Pendant et après la seconde guerre mondiale, le tricotage à la main de pull-overs en "lopi", souvent inspirés de motifs scandinaves traditionnels, devint très populaire, surtout pour les articles de sport.  À la fin des années cinquante, on adopta les modèles chic des pulls à empiècement rond en jacquard, venus de l'étranger (de Scandinavie notamment) en les adaptant à la technique du tricotage du "lopi".  Ces pull-overs ont constitué depuis, et jusqu'à ce jour, le fleuron du tricot islandais en "lopi".
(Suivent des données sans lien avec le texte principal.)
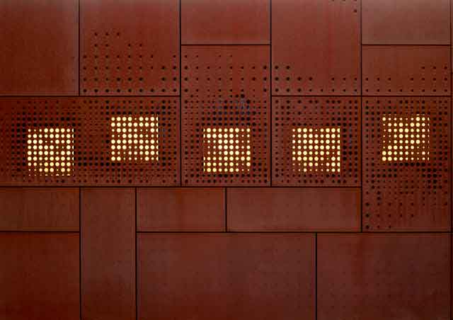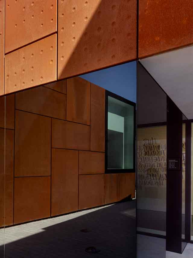 Particolari del rivestimento in acciaio corten e delle aperture vetrate del nuovo edificio (foto ©Lumecore/Toon Grobet)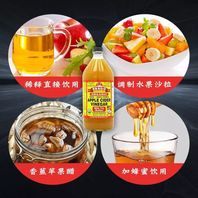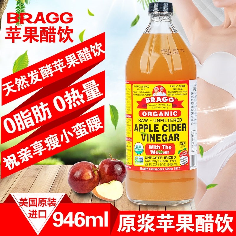 Bragg苹果醋生酮醋饮apple vinegar酵素食用水果醋946ml cider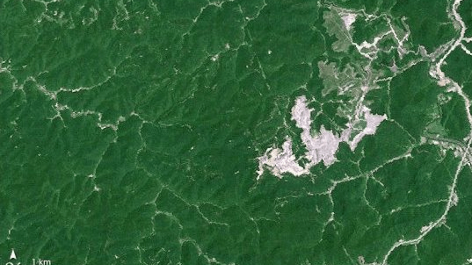 Quinze ans plus tard, l’exploitation s’est déplacée vers l’ouest et sa superficie (la zone blanche) s’est clairement étendue. En revanche, lorsque le charbon a été extrait, la mine à ciel ouvert est abandonnée et le terrain est reboisé. La zone en gris clair correspond à ces surfaces où la forêt repousse lentement… en ayant perdu un peu d’altitude.

Les pull-overs en "lopi" produits pour la vente sur place ou à l'étranger, sont presque toujours tricotés dans les couleurs naturelles des moutons islandais:  blanc, gris, brun (couleur "terre" ou brun naturel) et brun foncé ("noir mouton" ou noir naturel).  Le "lopi" de couleur existe aussi sur le marché, mais n'est guère utilisé que par la clientèle privée.  Les motifs des pull-overs en "lopi", c'est-à-dire les bandes en jacquard, sont de diverses provenances.  Certains ont été copiés ou inspirés de motifs islandais traditionnels, tirés d'anciens recueils manuscrits d'instruction de tricotage, ou de broderies.  Certains sont l'adaptation de motifs étrangers destinés à différentes applications textiles.  Mais la plupart des motifs employés actuellement ont été élaborés spécialement pour le tricot de pull-overs en "lopi", et bien souvent par les tricoteurs et tricoteuses eux-mêmes.

"lopi" signifie "pure laine vierge" ou "pure new wool".